### TASK DETAILS
Lines from the one containing "Now discover the" through the final line of the data, restated word for word and free of pictures, make up the whole answer.

[Collected data entries]
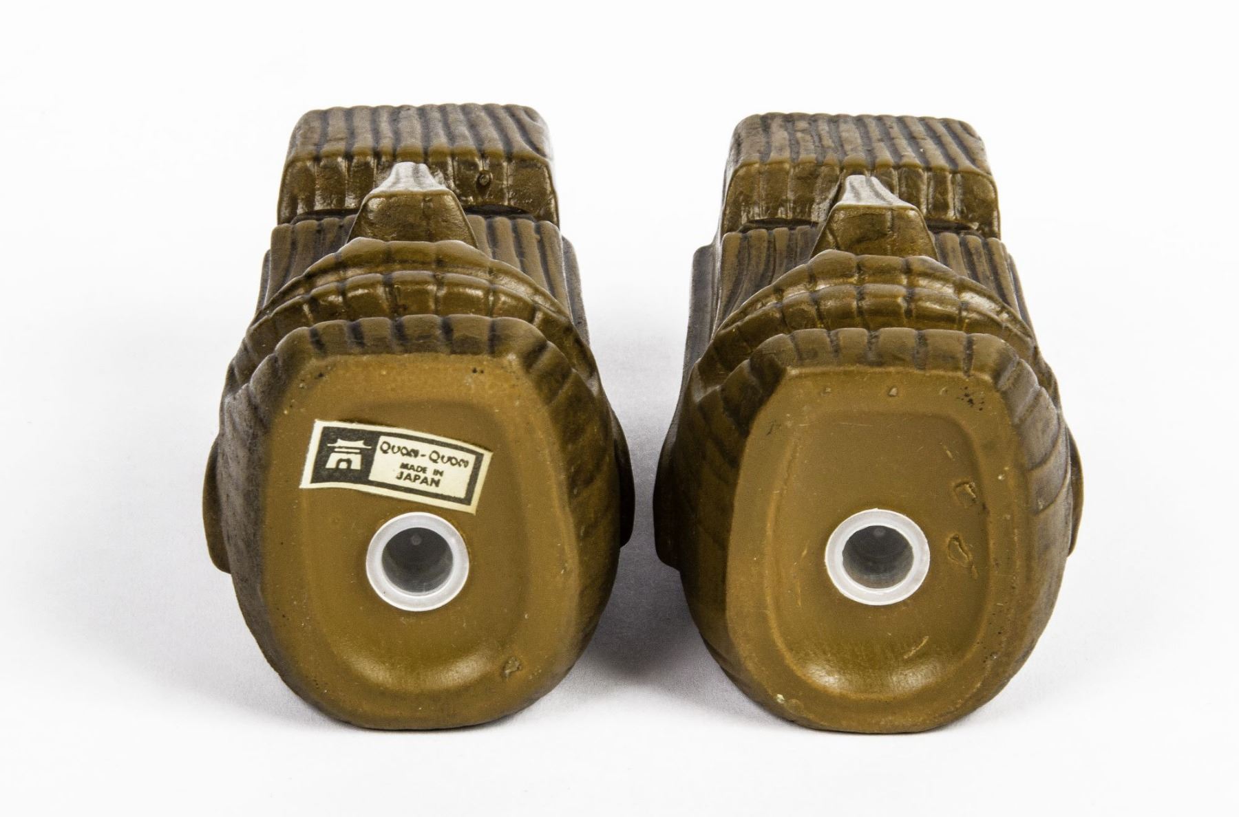 (Disneyland, 1960s) A pair of ceramic salt and pepper shakers from Adventureland featuring matching Polynesian imagery. One shaker has its original manufacturing label on the base from Quon-Quon of Japan. The shakers measure 4.25" tall and are in very good condition.
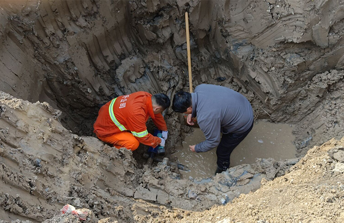 11時,已查明管道漏點處系PE63管道斷裂,至于管道斷裂的原因,判斷是地面沉降使管道落差錯位所致。搶修人員站在2米多深的泥坑里,不怕臟和累,徒手加緊管道搶修。經(jīng)2個多小時緊張有序搶修,成功將斷裂的水管修好。于當日下午1630分恢復(fù)供水,有力保證了轄區(qū)春季綠化澆灌工作正常開展。(王宜全、楊維軍)
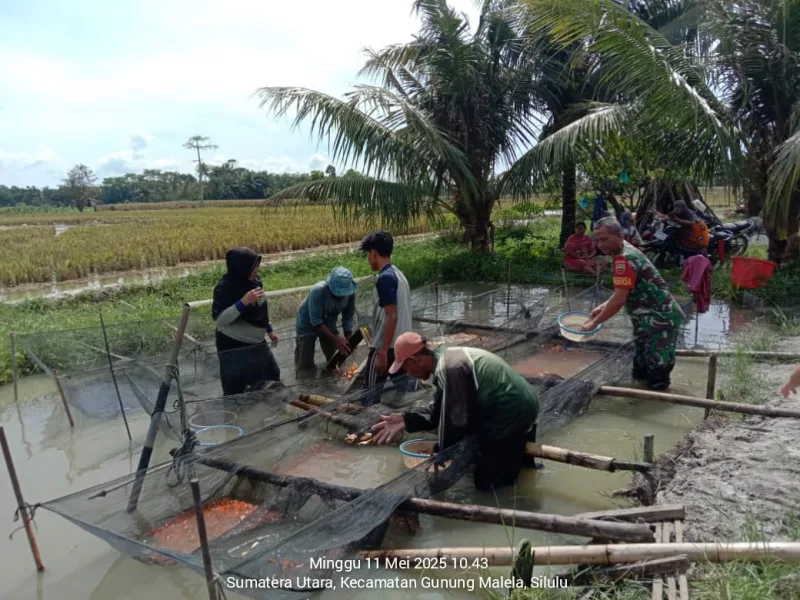 Minggu 11 Mei 2025 – Dalam upaya mempererat hubungan antara TNI dan masyarakat, Babinsa Koramil 08/Bangun, Kodim 0207/Simalungun, Sertu Sirkus Edi, melaksanakan kegiatan ketahanan pangan (hanpang) di sektor peternakan ikan bersama warga di Nagori Silulu, Kecamatan Gunung Malela, Kabupaten Simalungun.
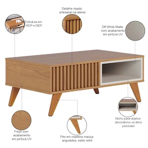 Peças nas tonalidades Freijó e Off White Matte com acabamento em pintura UV fosco.
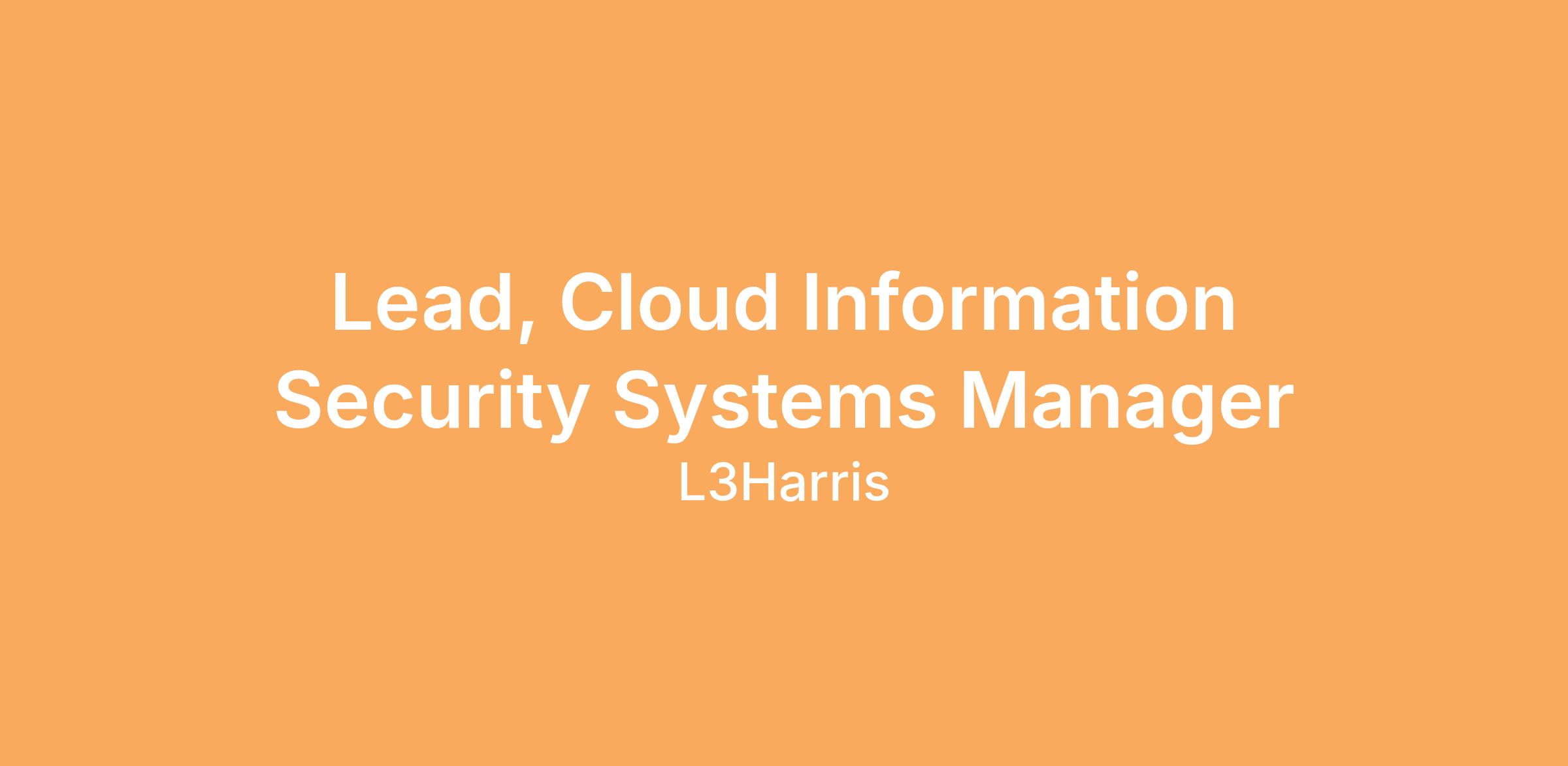 Job Title: Lead, Cloud Information Systems Security Manager
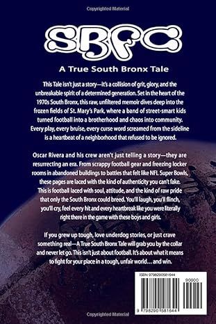 Now discover the real blood, sweat and tears that gave to the South Bronx Football Conference in this well-scripted, 124-page book. The book reads like a movie screenplay that puts you in the heart of the action. You'll see and feel every hit and touchdown in your mind's eye. Read it now before it becomes a movie.
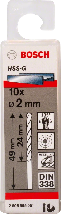 - Bosch wiertła do metalu HSS-G 2MM Standard 2 x 24 x 49 mm 10szt.
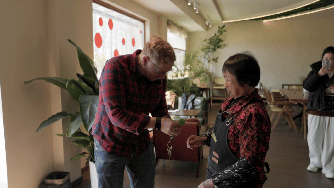在这里,大洋和咖啡店的吴爱芳阿姨成了好朋友。吴阿姨告诉大洋,她就是胡光村的村民,现在年纪大了,还能在村里找到环境这么好的工作,和年轻人一起干活,每天都很开心。
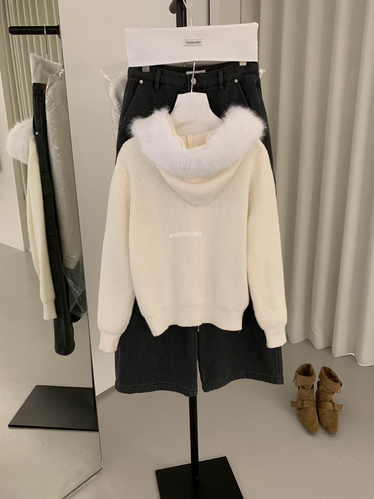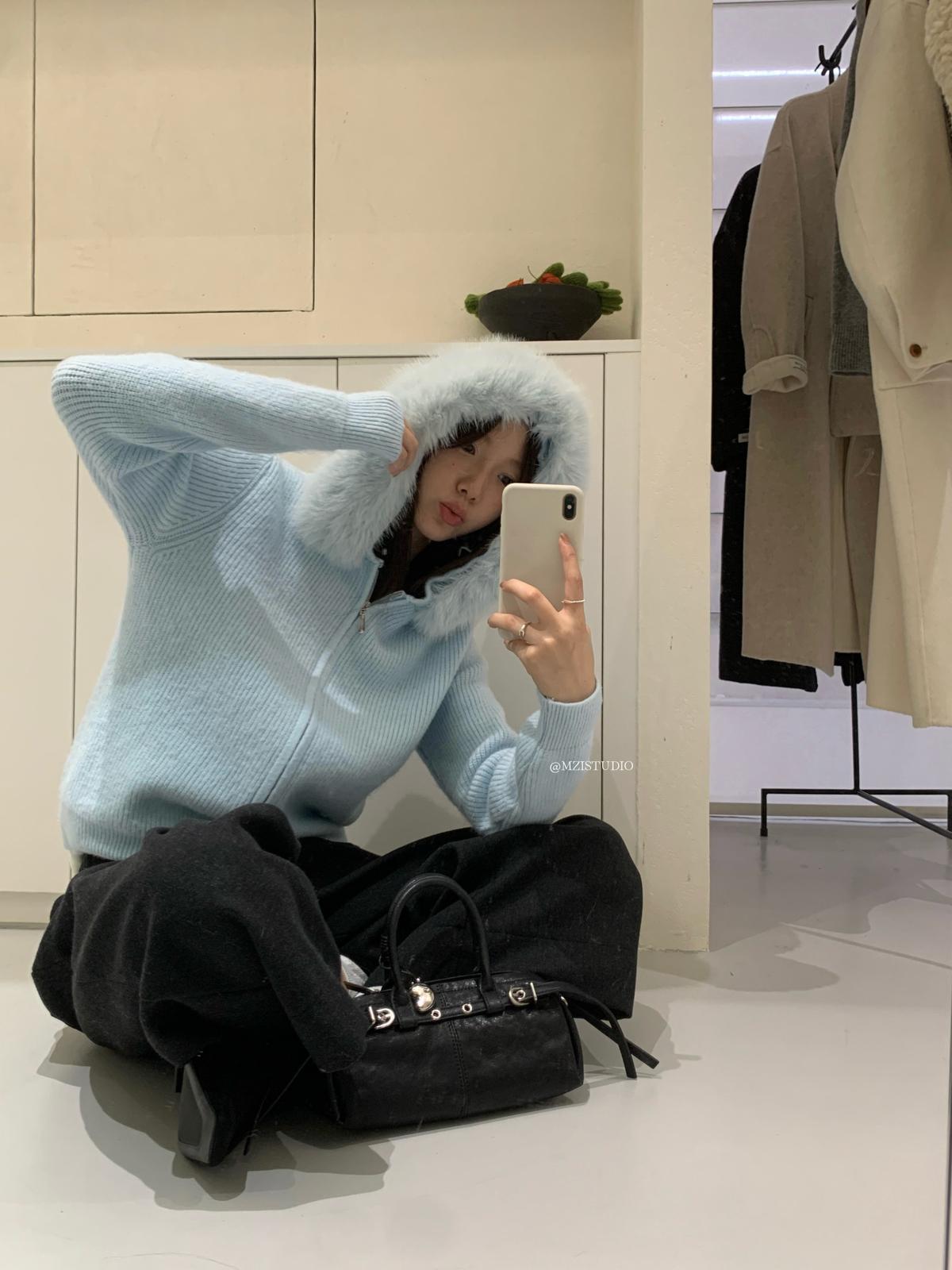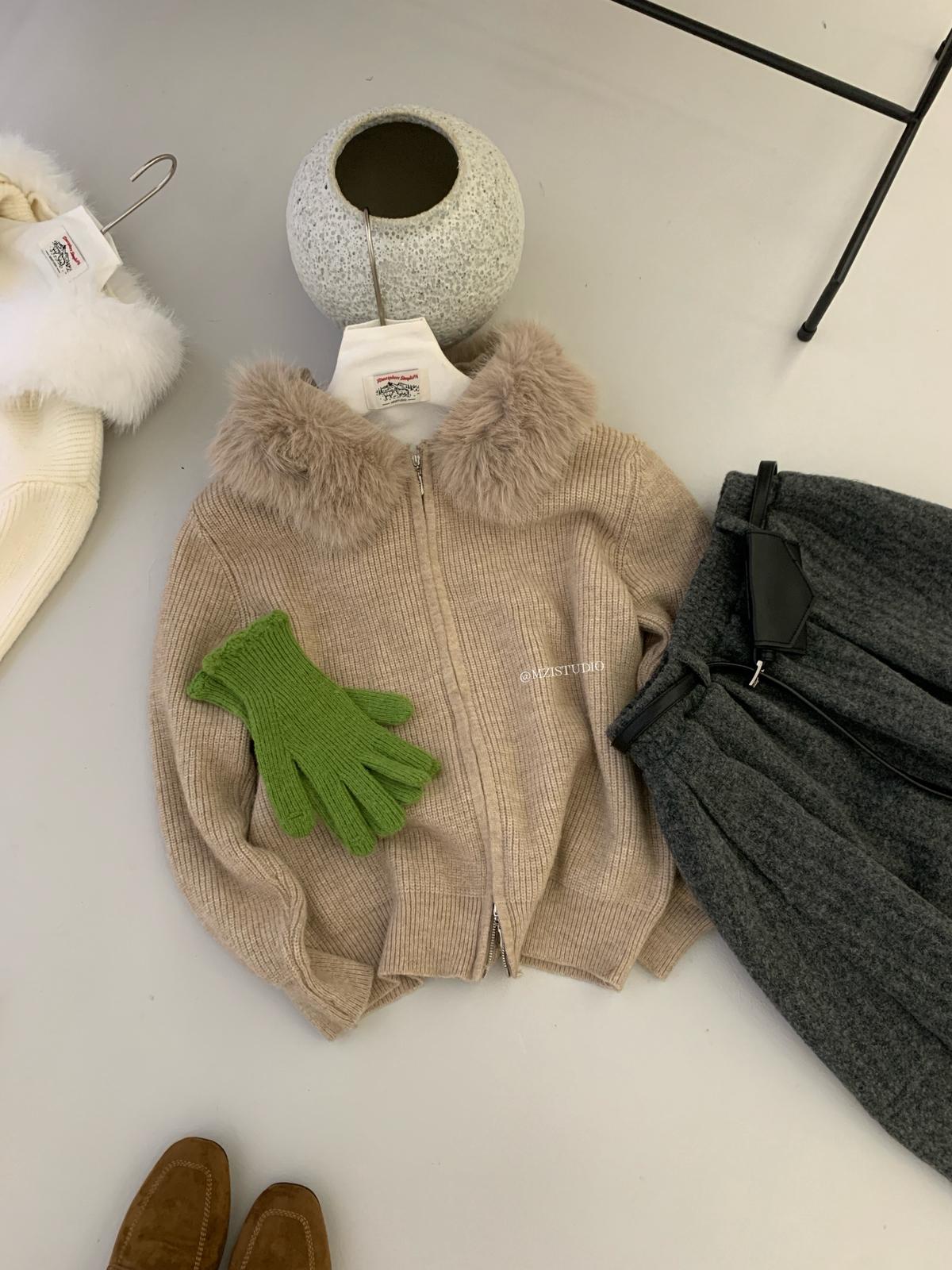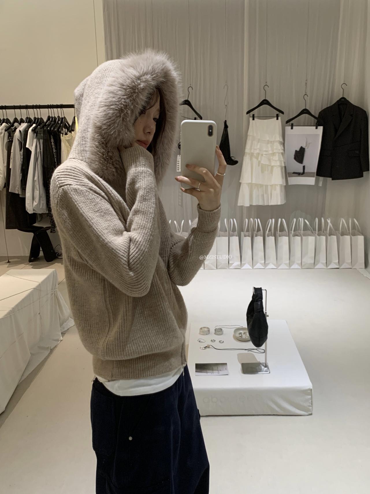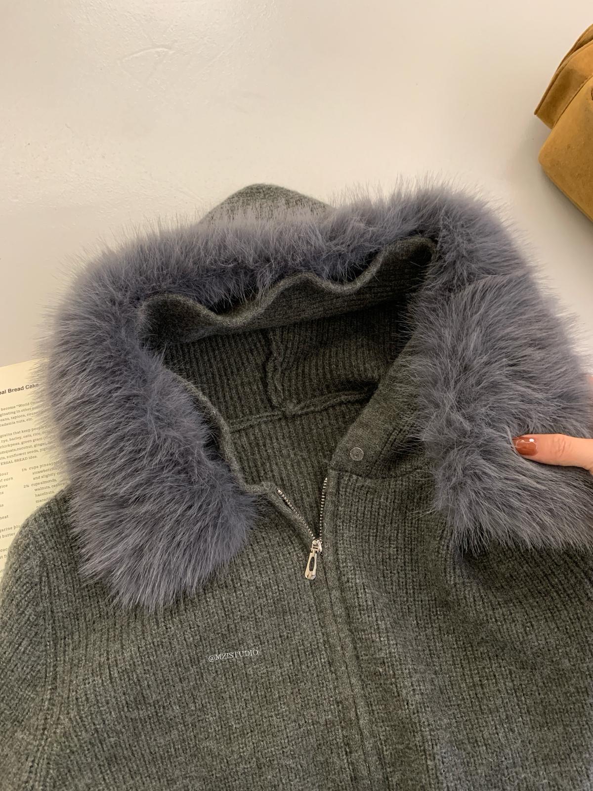 【C7970】冬日糯米糰子韓標可拆卸毛毛連帽拉鍊軟糯親膚簡約針織開衫
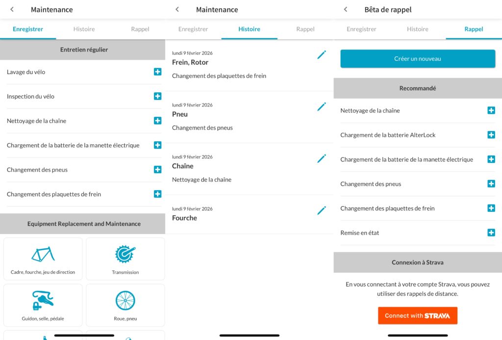 Cela peut paraitre une fonction anecdotique, mais l’intégration d’un carnet d’entretien est plutôt utile et permet de regrouper les informations sur son vélo. Il est possible de renseigner la date du dernier lavage, de la dernière inspection du vélo, du nettoyage de la chaine, du chargement de la batterie de la commande de dérailleur, du changement des pneus ou des plaquettes de freins.
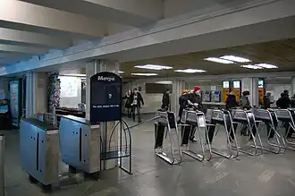 Mise en service en 1982, elle est desservie par les rames de la ligne M2. Le service est arrêté ou perturbé depuis l'invasion de l'Ukraine par la Russie en 2022.
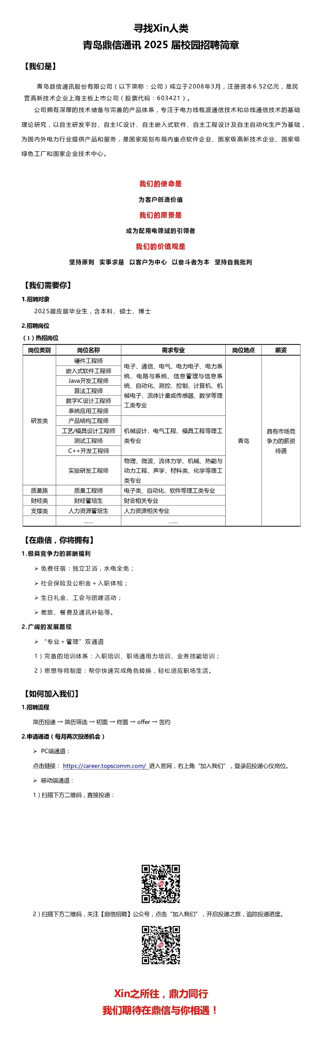 | 青岛鼎信通讯股份有限公司销服天团招募令——你的offer正在派送中~ | 线上 | 2025-04-09 | 点击查看 | |
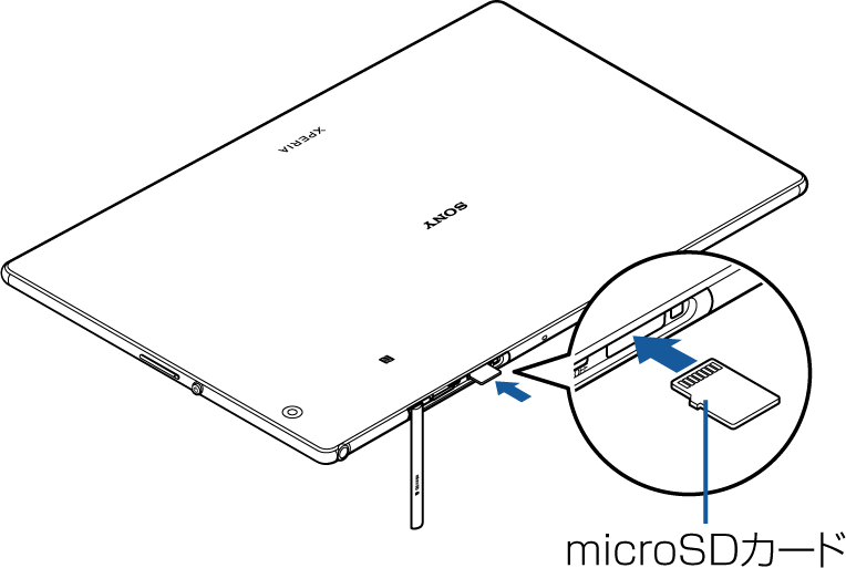 またはmicroSDカード内のデータを取り込み中に、 microSDカードを取り外したり、 タブレットデバイスの電源を切ったりしないでください。データの消失、 故障の原因となります。
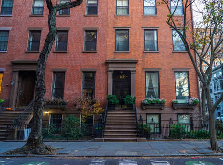 Historic district of West Village and empty streets at New York Manhattan, USA
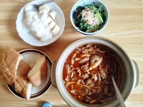 フランスパン、牛肉のスープ、ゆで小松菜、バナナヨーグルト
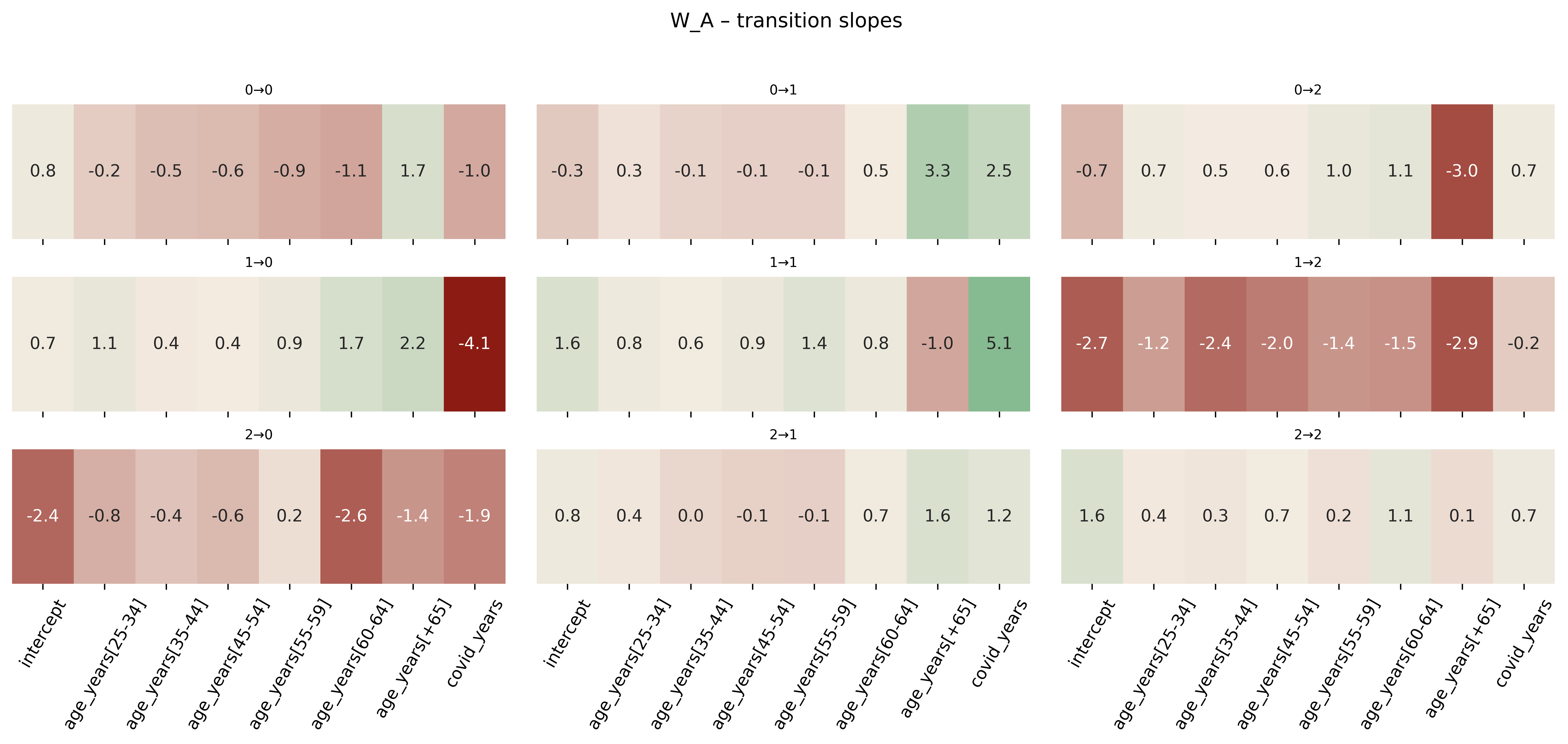 Per quanto riguarda l’effetto covid, durante gli anni della pandemia la probabilità delle transizioni \(0 \to 0\), \(1 \to 0\) e \(2 \to 0\) erano minori, invece erano maggiori per le transizioni \(0 \to 1\) e \(1 \to 1\). Si osserva anche che molti donatori frequenti, in quel periodo, hanno ridotto il numero di donazioni (\(2 \to 1\)).

### OUTPUT
 Now discover the real blood, sweat and tears that gave to the South Bronx Football Conference in this well-scripted, 124-page book. The book reads like a movie screenplay that puts you in the heart of the action. You'll see and feel every hit and touchdown in your mind's eye. Read it now before it becomes a movie.
 - Bosch wiertła do metalu HSS-G 2MM Standard 2 x 24 x 49 mm 10szt.
在这里,大洋和咖啡店的吴爱芳阿姨成了好朋友。吴阿姨告诉大洋,她就是胡光村的村民,现在年纪大了,还能在村里找到环境这么好的工作,和年轻人一起干活,每天都很开心。
 【C7970】冬日糯米糰子韓標可拆卸毛毛連帽拉鍊軟糯親膚簡約針織開衫
 Cela peut paraitre une fonction anecdotique, mais l’intégration d’un carnet d’entretien est plutôt utile et permet de regrouper les informations sur son vélo. Il est possible de renseigner la date du dernier lavage, de la dernière inspection du vélo, du nettoyage de la chaine, du chargement de la batterie de la commande de dérailleur, du changement des pneus ou des plaquettes de freins.
 Mise en service en 1982, elle est desservie par les rames de la ligne M2. Le service est arrêté ou perturbé depuis l'invasion de l'Ukraine par la Russie en 2022.
 | 青岛鼎信通讯股份有限公司销服天团招募令——你的offer正在派送中~ | 线上 | 2025-04-09 | 点击查看 | |
 またはmicroSDカード内のデータを取り込み中に、 microSDカードを取り外したり、 タブレットデバイスの電源を切ったりしないでください。データの消失、 故障の原因となります。
 Historic district of West Village and empty streets at New York Manhattan, USA
 フランスパン、牛肉のスープ、ゆで小松菜、バナナヨーグルト
 Per quanto riguarda l’effetto covid, durante gli anni della pandemia la probabilità delle transizioni \(0 \to 0\), \(1 \to 0\) e \(2 \to 0\) erano minori, invece erano maggiori per le transizioni \(0 \to 1\) e \(1 \to 1\). Si osserva anche che molti donatori frequenti, in quel periodo, hanno ridotto il numero di donazioni (\(2 \to 1\)).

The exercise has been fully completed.